- Groundwork
From narrative to action: fostering democratic engagement and engaged citizens through behavior change
- February 27, 2026
- 4:27 pm
SECTOR
PROJECT TYPE
Location
BEHAVIORAL THEME
OVERVIEW
This thought piece examines how narratives about democracy translate into real democratic behavior and participation. Drawing on behavioral science, it frames democracy not only as a system of institutions but as a set of everyday actions carried out by citizens and institutions. Using the COM-B behavior change model, the report outlines how capability, opportunity, and motivation shape whether people engage in democratic practices.
Questions:
- How do narratives about democracy translate into democratic behavior?

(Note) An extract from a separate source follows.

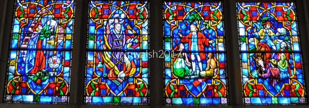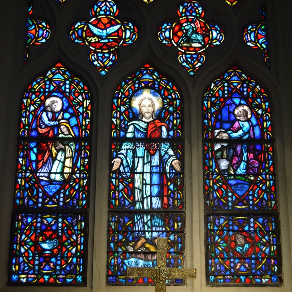 By 1910 F.X. Zettler’s mastery of the “Munich Style” – characterized by detailed scenes and vibrant colors on glass – made his German company one of the most popular designers in late 19th century and early 20th century American churches. These windows are religious paintings that are pedagogical as well as sacred images. The Roman Catholic Church teaches that Christ is “really present” in the Eucharist (a Greek word, eucharistia,that means “Thanksgiving”) and that his sacrifice on the cross on Calvary is repeated at every Mass as Christ gives His Body and Blood under the appearance or species of bread and wine in Holy Communion as food for eternal life. As parishes offer school children their first holy communion, Christ’s pose evokes that same event for the apostles. Accounts of the Institution of the Eucharist at the Last Supper are in Luke 22, Mark 14, Matthew 26, and its significance explicated in John 6. It is recounted in Paul’s First Letter to the Corinthians, 11. Author’s photograph. September 2015.

- What factors enable or prevent citizens from participating in democratic practices?
- How can behavior change frameworks inform interventions that strengthen democratic engagement?
Methods:
This piece synthesizes insights from a systematic literature review and related research conducted for the Democracy Narratives Alliance. It applies the COM-B behavior change framework to analyze barriers and enablers of democratic engagement and proposes a structured process for designing behavior-based interventions.
THEMATIC AREAS
Key findings:
- Democracy functions through everyday behaviors such as participation, dissent, and civic engagement.
- Narratives influence how people interpret politics and whether they choose to act or disengage.

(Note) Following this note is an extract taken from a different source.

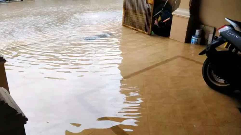 Rembesan air pada Senin pagi ini, menurut warga yang terparah dalam 10 tahun terakhir. Biasanya, air merembes masuk lewat nut keramik hanya setinggi 1 sentimeter, ini sudah lebih dari 2 sentimeter.

- Information alone rarely changes behavior without the right capability, opportunity, and motivation.
- Structural barriers, misinformation, lack of resources, and weak trust in institutions limit engagement.

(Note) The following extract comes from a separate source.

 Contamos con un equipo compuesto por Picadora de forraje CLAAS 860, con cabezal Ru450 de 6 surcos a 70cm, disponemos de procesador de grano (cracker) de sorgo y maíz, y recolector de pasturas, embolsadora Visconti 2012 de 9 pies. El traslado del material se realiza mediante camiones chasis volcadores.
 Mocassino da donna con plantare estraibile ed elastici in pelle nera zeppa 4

- Behavioral frameworks like COM-B help identify where interventions can strengthen democratic participation.
Implications for Policy or Development:
- Strengthening democracy requires focusing on the behaviors that sustain democratic systems.
- Interventions should address capability, opportunity, and motivation simultaneously.
- Behavioral frameworks can help practitioners design evidence-based strategies for democratic engagement.
- Communication strategies must move beyond information provision toward influencing real participation and civic action.